━━━ Supplied records ━━━
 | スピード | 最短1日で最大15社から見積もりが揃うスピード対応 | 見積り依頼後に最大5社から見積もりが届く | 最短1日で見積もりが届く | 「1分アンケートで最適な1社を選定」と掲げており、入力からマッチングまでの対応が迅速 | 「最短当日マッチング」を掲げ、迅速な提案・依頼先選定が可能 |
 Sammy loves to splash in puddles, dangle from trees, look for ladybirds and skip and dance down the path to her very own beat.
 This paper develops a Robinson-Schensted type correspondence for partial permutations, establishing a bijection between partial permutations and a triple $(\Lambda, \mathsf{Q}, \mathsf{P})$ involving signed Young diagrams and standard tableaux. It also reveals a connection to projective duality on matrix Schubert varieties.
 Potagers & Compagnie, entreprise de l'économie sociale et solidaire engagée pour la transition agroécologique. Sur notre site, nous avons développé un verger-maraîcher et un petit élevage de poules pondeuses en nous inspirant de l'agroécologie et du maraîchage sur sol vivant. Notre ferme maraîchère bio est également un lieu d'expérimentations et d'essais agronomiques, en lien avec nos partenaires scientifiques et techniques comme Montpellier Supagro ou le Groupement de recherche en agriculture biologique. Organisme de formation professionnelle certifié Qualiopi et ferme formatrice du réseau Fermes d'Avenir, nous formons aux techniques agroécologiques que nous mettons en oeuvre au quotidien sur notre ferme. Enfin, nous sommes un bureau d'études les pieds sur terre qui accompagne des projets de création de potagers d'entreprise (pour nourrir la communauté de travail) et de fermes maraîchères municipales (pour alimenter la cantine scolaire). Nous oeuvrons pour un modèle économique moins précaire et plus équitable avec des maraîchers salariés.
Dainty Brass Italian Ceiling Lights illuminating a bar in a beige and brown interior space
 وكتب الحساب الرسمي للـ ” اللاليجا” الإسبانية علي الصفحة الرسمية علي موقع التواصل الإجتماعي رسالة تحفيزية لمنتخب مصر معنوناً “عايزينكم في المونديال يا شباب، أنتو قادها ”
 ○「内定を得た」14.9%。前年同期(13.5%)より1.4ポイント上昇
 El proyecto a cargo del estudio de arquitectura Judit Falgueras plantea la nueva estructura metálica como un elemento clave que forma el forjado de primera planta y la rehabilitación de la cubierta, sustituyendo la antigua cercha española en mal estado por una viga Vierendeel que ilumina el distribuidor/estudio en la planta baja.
━━━
━━━ Supplied records ━━━
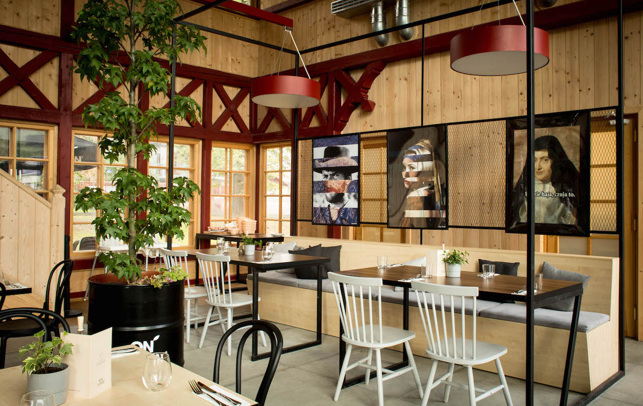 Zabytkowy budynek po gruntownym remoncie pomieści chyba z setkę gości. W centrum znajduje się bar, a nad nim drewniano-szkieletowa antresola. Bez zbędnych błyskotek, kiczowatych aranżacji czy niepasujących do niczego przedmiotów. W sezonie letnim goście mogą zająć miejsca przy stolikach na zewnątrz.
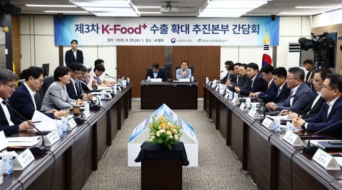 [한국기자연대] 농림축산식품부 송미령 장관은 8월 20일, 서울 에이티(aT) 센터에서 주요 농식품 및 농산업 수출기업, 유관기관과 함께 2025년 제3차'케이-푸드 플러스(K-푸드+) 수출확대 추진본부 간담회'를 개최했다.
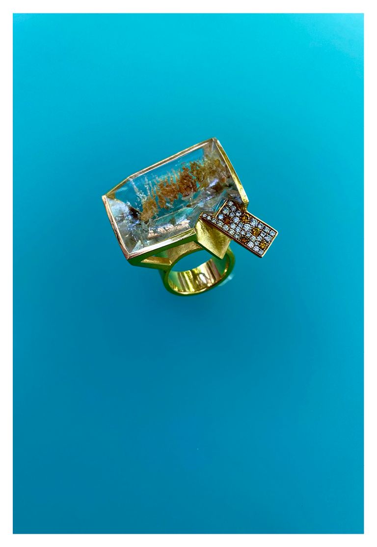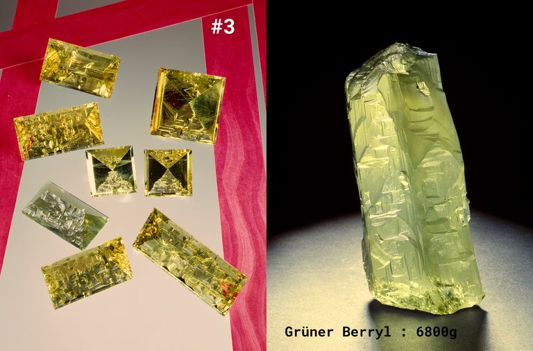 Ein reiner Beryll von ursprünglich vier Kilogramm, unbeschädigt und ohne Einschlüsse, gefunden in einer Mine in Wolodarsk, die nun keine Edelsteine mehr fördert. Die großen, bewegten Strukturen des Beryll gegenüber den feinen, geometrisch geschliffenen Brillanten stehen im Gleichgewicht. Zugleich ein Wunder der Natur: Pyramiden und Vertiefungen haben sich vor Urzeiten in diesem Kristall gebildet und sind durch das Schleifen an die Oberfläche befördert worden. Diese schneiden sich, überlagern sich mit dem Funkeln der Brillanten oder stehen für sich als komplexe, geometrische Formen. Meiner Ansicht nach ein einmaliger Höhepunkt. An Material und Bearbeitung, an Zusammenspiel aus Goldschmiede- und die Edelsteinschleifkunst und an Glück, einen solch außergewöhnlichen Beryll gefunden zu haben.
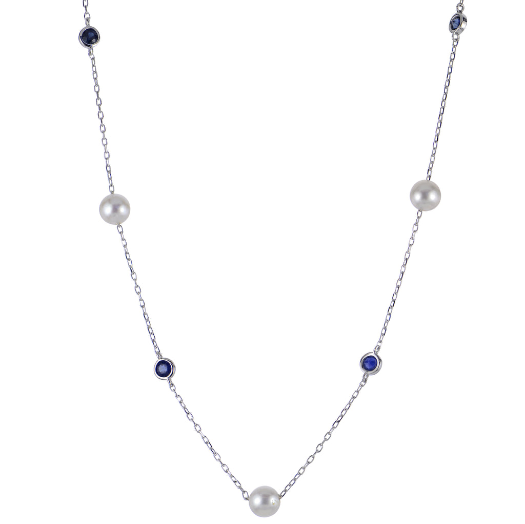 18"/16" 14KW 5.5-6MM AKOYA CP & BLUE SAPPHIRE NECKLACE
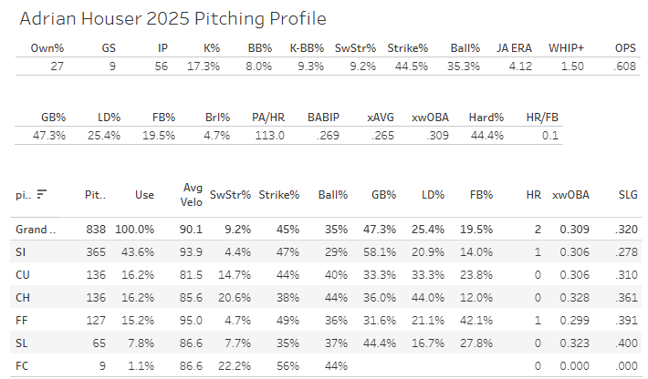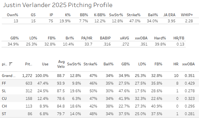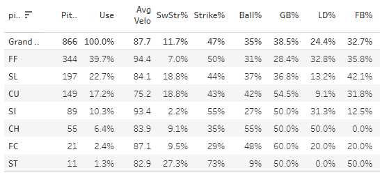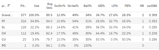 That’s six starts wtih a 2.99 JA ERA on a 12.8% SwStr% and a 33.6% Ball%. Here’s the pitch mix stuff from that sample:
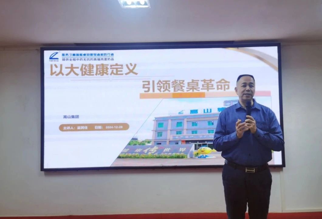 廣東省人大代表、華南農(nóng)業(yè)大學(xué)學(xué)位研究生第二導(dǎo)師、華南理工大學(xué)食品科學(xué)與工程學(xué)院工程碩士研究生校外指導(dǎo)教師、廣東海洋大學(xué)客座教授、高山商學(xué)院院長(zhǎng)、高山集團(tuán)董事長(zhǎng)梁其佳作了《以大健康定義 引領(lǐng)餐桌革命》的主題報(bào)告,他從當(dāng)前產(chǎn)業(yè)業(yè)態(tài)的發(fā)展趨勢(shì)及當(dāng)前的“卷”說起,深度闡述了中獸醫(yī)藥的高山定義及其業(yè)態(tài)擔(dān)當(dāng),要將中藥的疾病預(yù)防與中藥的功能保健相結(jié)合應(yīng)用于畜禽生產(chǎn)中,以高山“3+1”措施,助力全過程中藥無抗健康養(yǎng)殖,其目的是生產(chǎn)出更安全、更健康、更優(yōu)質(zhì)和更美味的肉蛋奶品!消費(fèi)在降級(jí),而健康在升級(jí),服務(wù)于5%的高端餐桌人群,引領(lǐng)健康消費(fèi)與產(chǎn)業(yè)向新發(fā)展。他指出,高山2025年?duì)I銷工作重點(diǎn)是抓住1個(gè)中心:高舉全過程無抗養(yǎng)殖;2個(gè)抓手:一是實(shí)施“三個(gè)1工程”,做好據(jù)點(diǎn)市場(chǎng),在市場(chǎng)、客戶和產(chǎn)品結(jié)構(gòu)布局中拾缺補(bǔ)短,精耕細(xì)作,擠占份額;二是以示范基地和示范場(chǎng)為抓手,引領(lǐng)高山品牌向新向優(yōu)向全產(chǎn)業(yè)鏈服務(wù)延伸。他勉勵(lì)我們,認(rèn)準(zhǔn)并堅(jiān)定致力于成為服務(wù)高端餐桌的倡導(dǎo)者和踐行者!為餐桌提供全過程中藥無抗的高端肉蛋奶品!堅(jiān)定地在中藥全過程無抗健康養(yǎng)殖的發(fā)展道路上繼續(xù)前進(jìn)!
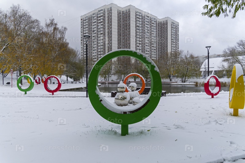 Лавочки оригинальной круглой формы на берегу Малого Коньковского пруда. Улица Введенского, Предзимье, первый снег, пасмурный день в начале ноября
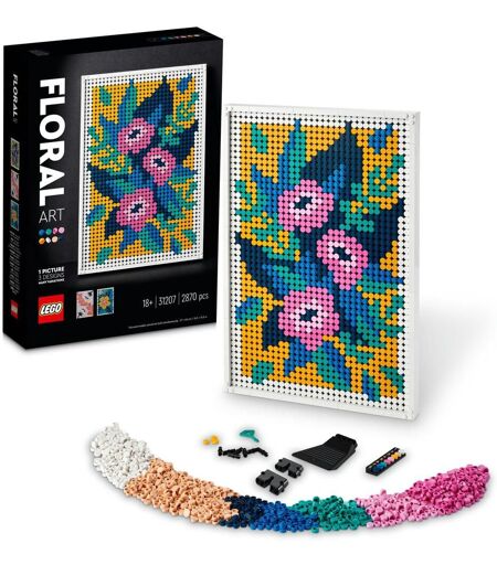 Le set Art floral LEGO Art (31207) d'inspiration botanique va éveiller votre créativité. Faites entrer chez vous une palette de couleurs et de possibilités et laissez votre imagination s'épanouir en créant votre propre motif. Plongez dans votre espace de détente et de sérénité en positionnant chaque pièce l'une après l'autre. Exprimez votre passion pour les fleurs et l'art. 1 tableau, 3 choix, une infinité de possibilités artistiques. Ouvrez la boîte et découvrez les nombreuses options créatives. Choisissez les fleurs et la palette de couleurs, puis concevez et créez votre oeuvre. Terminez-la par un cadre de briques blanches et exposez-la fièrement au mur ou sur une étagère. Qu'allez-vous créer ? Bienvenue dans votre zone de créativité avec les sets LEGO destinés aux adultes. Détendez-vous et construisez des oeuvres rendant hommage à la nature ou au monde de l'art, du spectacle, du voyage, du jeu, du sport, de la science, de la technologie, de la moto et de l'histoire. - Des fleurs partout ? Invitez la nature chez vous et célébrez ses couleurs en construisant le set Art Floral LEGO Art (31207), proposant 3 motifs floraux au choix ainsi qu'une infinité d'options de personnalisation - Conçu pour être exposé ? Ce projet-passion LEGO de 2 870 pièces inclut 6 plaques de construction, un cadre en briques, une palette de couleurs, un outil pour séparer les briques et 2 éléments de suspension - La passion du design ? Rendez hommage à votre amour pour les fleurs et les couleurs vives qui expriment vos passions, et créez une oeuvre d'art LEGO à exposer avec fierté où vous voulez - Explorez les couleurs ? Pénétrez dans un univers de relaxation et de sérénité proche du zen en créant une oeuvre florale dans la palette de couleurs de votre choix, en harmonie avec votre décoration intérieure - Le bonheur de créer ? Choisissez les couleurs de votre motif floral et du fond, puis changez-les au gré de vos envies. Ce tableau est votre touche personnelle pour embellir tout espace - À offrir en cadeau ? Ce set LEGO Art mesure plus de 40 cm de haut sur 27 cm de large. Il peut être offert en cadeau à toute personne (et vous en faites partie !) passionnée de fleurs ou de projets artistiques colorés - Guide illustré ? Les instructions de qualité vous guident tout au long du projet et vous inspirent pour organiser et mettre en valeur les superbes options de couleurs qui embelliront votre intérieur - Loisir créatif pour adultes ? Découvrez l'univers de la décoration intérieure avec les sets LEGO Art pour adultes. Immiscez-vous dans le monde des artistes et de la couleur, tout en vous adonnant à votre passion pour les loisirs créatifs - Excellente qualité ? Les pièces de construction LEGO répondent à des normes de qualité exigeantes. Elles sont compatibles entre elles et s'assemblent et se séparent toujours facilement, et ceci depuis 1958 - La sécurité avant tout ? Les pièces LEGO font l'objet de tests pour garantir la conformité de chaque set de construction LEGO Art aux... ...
━━━
What you will do:
Copy range, inclusive: the line holding "スピード | 最短1日で最大15社から見積もりが揃うスピード対応" to the line holding "Sammy loves to". Reproduce exactly those lines of the records above and no others.

Expected answer:
 | スピード | 最短1日で最大15社から見積もりが揃うスピード対応 | 見積り依頼後に最大5社から見積もりが届く | 最短1日で見積もりが届く | 「1分アンケートで最適な1社を選定」と掲げており、入力からマッチングまでの対応が迅速 | 「最短当日マッチング」を掲げ、迅速な提案・依頼先選定が可能 |
 Sammy loves to splash in puddles, dangle from trees, look for ladybirds and skip and dance down the path to her very own beat.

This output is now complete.